Anyone's help greatly appreciated. Any recommendations of steam expertise in Toronto GREATLY appreciated!



  • tim smith
    tim smith Member Posts: 2,498
    Pressuretrols & settings etc

    Looking at the pics helps a little, I would say you should be able to reduce your pressures dramatically. The 3rd pressuretrol is probably for lo hi lo operation of the burner. In other words the one that is set at the lowest range probably is the low fire setting. When pressure reaches it's setting then the burner reduces firing rate to reduce cycling/increase efficiency. My guess is that you are correct that you need to rebuild/replace traps. Main air vents may be bad causing steam to not get to further reaches of system fast enough before rest of system is ready to shut down. This could also explain the flood back of condensate on shut down. Numerous items here to check. Try posting this on the wall above w/ a heading of Steam problems, (your city) help. Good luck, Tim
  • Hi Stuart

    Here's some info (in the second half of the article) that might help.

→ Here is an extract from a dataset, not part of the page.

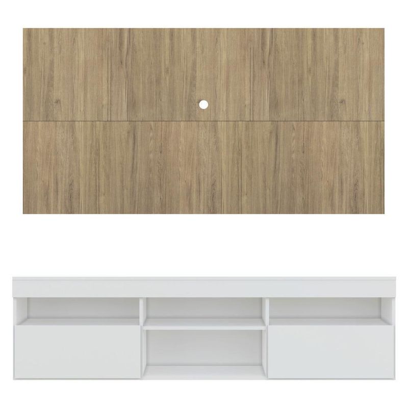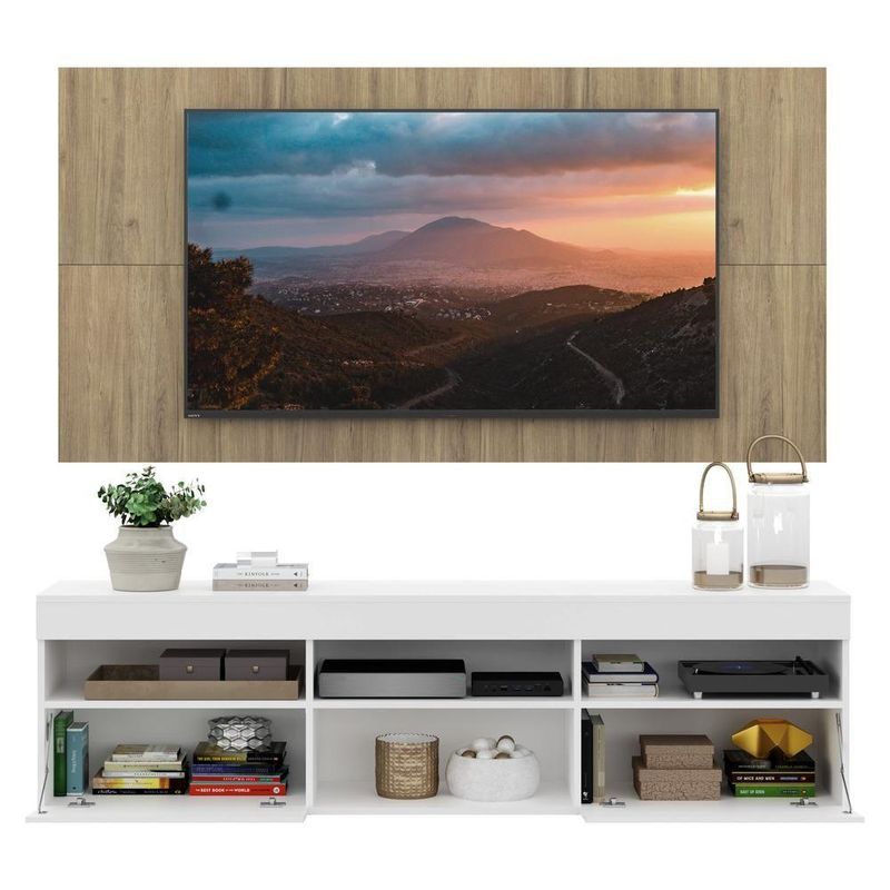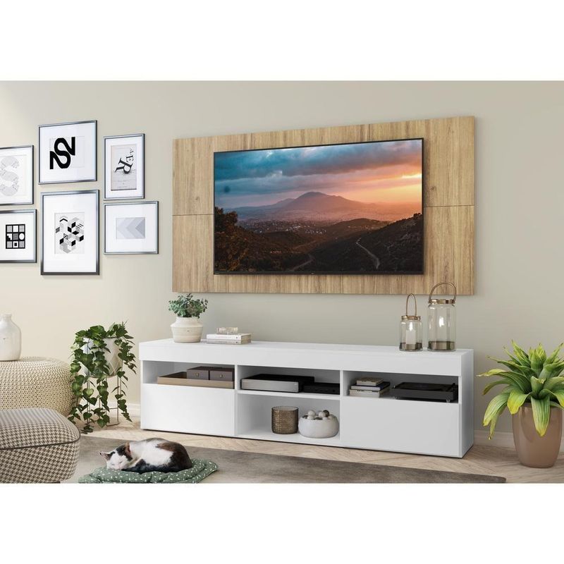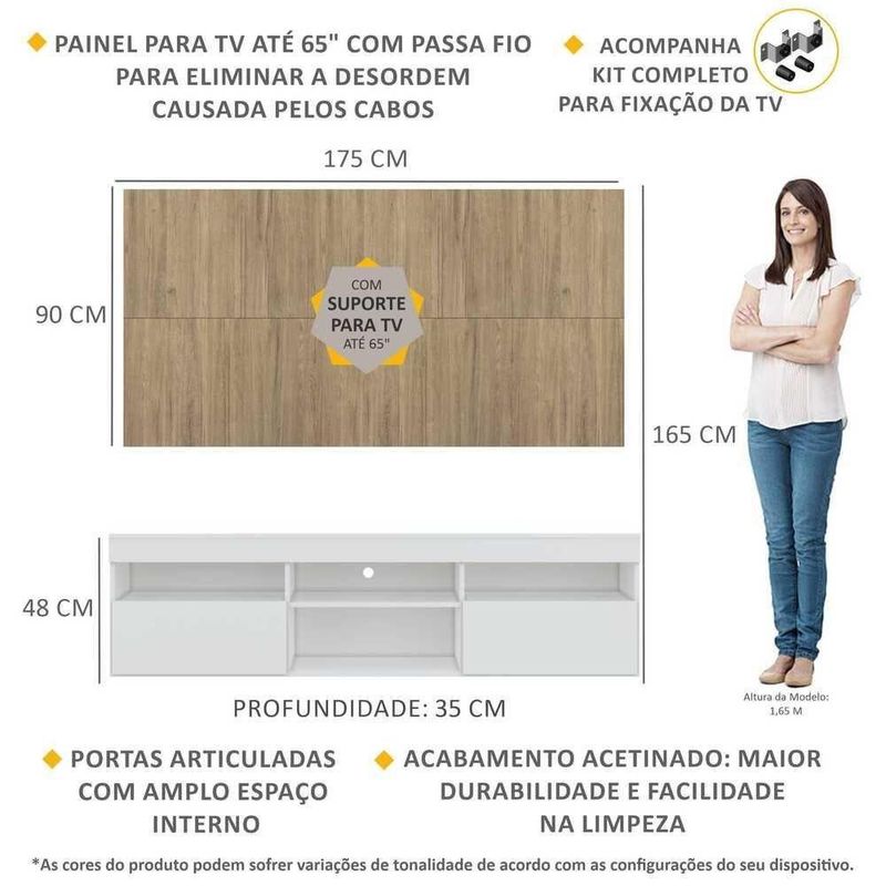 O Rack com Painel e Suporte para até 65 Polegadas com 2 portas Londres Multimóveis é produzido em MDP com acabamento acetinado, que garante maior durabilidade e facilidade na limpeza, possui 4 nichos com espaço para os equipamentos eletrônicos e objetos decorativos, além de 2 portas articuladas com um amplo espaço interno para manter seus pertences organizados. O painel para de até 65” possui espaçamento para passagem dos fios, que permite deixar os cabos mais organizados e o visual clean. Para facilitar a sua vida, este produto acompanha também o kit para fixação da . Muito prático e de fácil instalação, pode ser utilizado para ’s LCD, LED e plasma de 14” a 71”. Totalmente sobreposto, acompanha gabarito de montagem que auxilia na instalação. Conta com um sistema de encaixe rápido, possui 16mm de deslocamento que permite o ajuste do encaixe das peças. Uma ótima opção para deixar sua sala linda e confortável para curtir os melhores filmes e séries.

    The lowest set pressure controller (the low/high fire control) will be the one that has to match the system in your building the closest, as it actually regulates the minimum pressure that it takes to reach every radiator in the coldest weather. Picture the steam pressure rising from a cold start in very cold weather. The pressure will rise to fill the farthest away radiators and keep rising until the low/high fire control flips, and the boiler goes to low fire. Now, under heavy load, the pressure begins to fall and that last radiator or two lose steam, and lose the ability to heat. This would indicate that this controller is set TOO low. Your occupants would notice and tell you about this condition. This control needs to be set such that there is still steam at every radiator when it flips back to high fire, at the bottom of the low fire part of the cycle. It's a pretty fine line. The radiators in question won't become cold, they'll just underperform in the coldest weather, making it hard to troubleshoot. They'll always be the same radiators, though. In this way, they'll be different from trap failure symptoms.

    Once the low/high fire control is set, the high limit control only needs to be set a small amount higher than that pressure, so that the boiler has a small cushion of pressure range to coast into when going to low fire, before the pressure begins to fall again. in low load conditions, the boiler will go to low fire, which is still more than enough fire, and fairly quickly cycle off. It needs to be set high enough only to prevent the off cycle drop in pressure to not trip the low/high fire control back to high fire (meaning that those last radiators have lost steam again) during the burner purge cycle, before it fires back up. Once you find that sweet spot on the pressure cycle, the controls can be set around that number.

    Evaluating a Steam System

  • Stuart Rogers
    Stuart Rogers Member Posts: 48

    Thanks, Tim. I've reposted as you suggested.

    Obviously, I will have to read up on this lo-hi-lo operation -- I have not encountered any mention of it in my readings so far. My guess is it's not operating properly anyway, since the burner has only two states, full blast and off, and the pressure stays only in the 7-9 (now 5-7) psi range.

    Thanks again,
  • Stuart Rogers
    Stuart Rogers Member Posts: 48

    Noel, thanks so much for your reply and the link to the article (I take it you're the author?). I will go over it carefully; I've also had a look at some of the other pages of that site, and there will be useful info there too. As I replied to Tim, I obviously need to gain an understanding of this lo/hi firing business to start with.